■ **COLLECTED MATERIAL**:
■ ■ ■ ■ ■

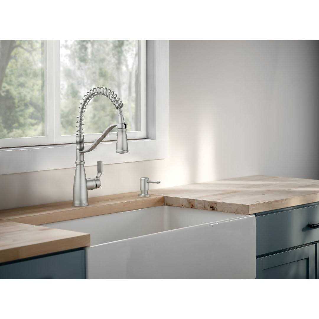 The Nolia Pre-Rinse Spring kitchen sink faucet offers a fresh take on industrial farmhouse design with the enhanced functionality of a spring faucet. The Nolia collection features a classic look that works well with a variety of traditional and transitional kitchen decor preferences. Now with a lower profile, this Spring Galley kitchen faucet provides the convenience of a traditional spring faucet while maintaining a compact design for smaller sink spaces. Available in MOEN Spot Resist Stainless finish to minimize fingerprints and water marks, providing a clean finish.
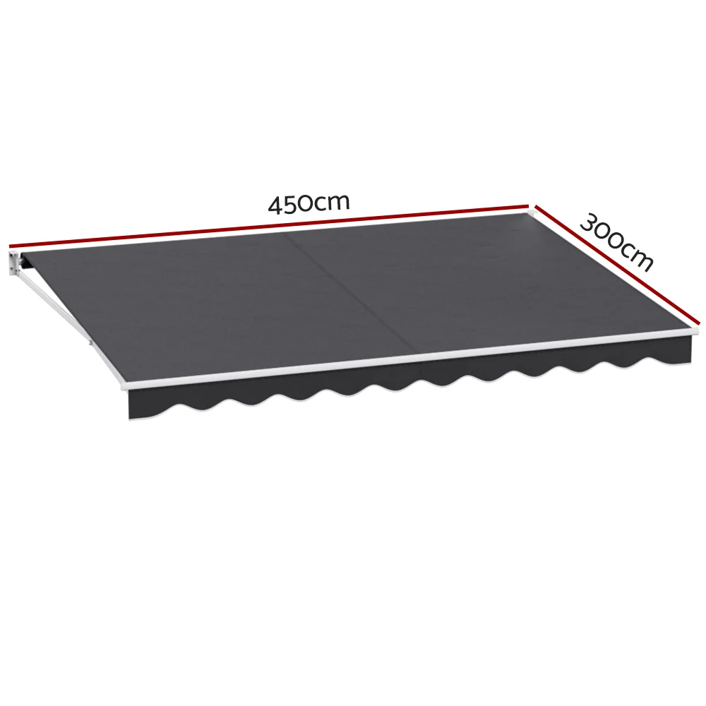 Instahut 4.5Mx3M Grey Retractable Folding Arm Awning, UV-Resistant Polyester, Manual Crank, Weather-Ready Shade
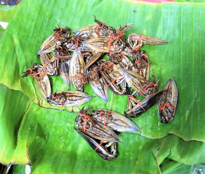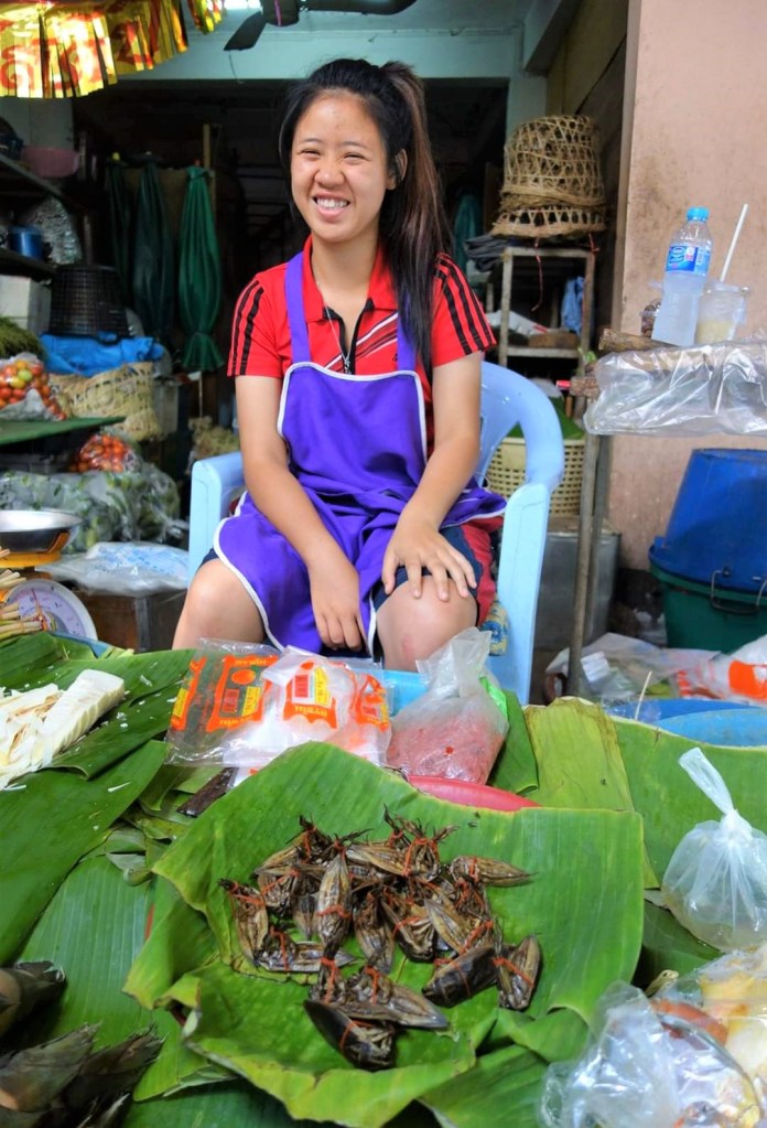 ランパーンの市場で出会ったタガメ売りの少女は、タガメの足を輪ゴムで束ねて売っていた。
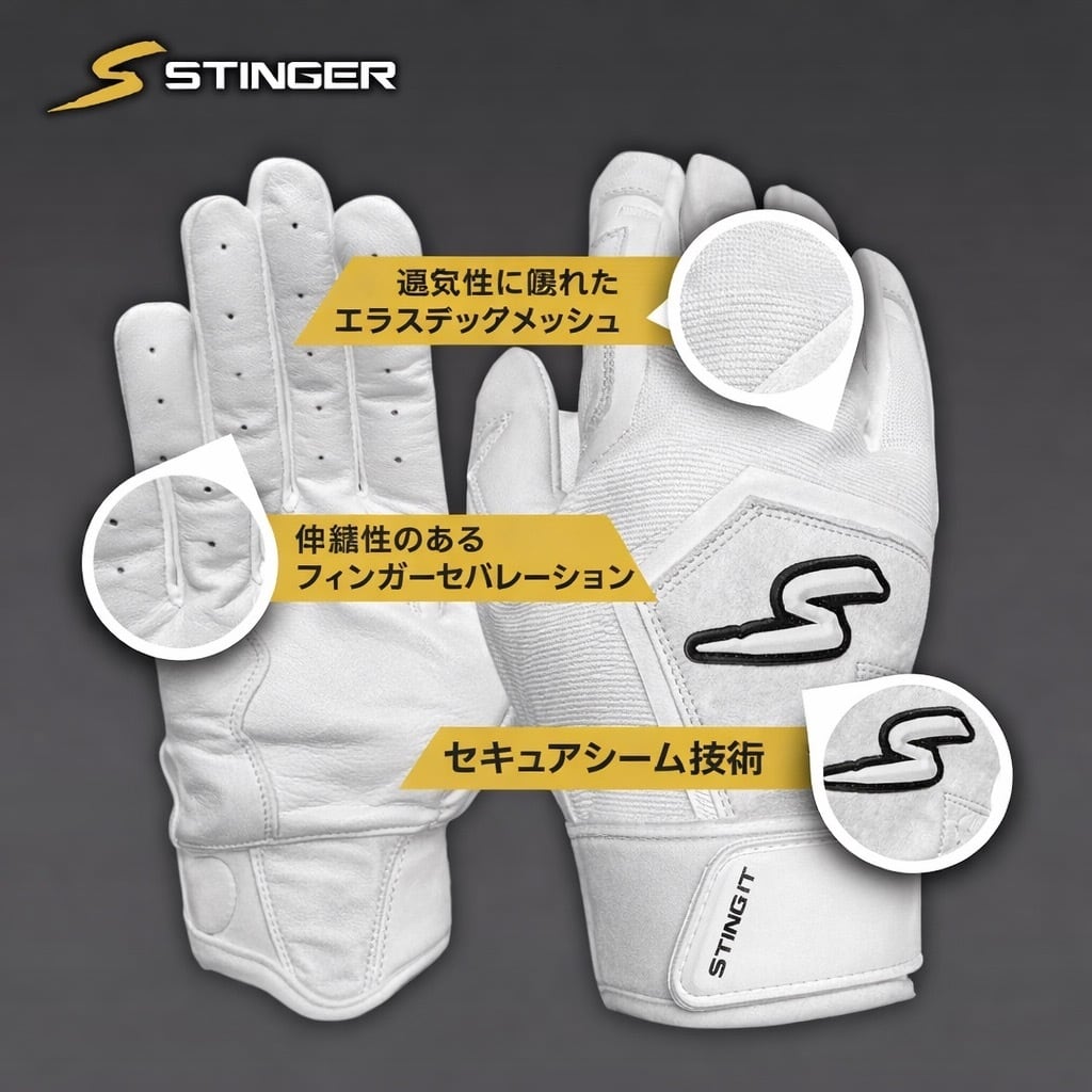 スティンガー Stinger 野球 バッティング グローブ Sting Squad Batting Gloves 両手組 手袋 バッテ Black Out

■ ■ ■ ■ ■

■ **EXERCISE DIRECTIONS**: Please give again only those lines that run from the one containing "ランパーンの市場で出会ったタ" through the final line of the listing, both included, exactly as written and without pictures.

■ **ANSWER SPACE**:
 ランパーンの市場で出会ったタガメ売りの少女は、タガメの足を輪ゴムで束ねて売っていた。
 スティンガー Stinger 野球 バッティング グローブ Sting Squad Batting Gloves 両手組 手袋 バッテ Black Out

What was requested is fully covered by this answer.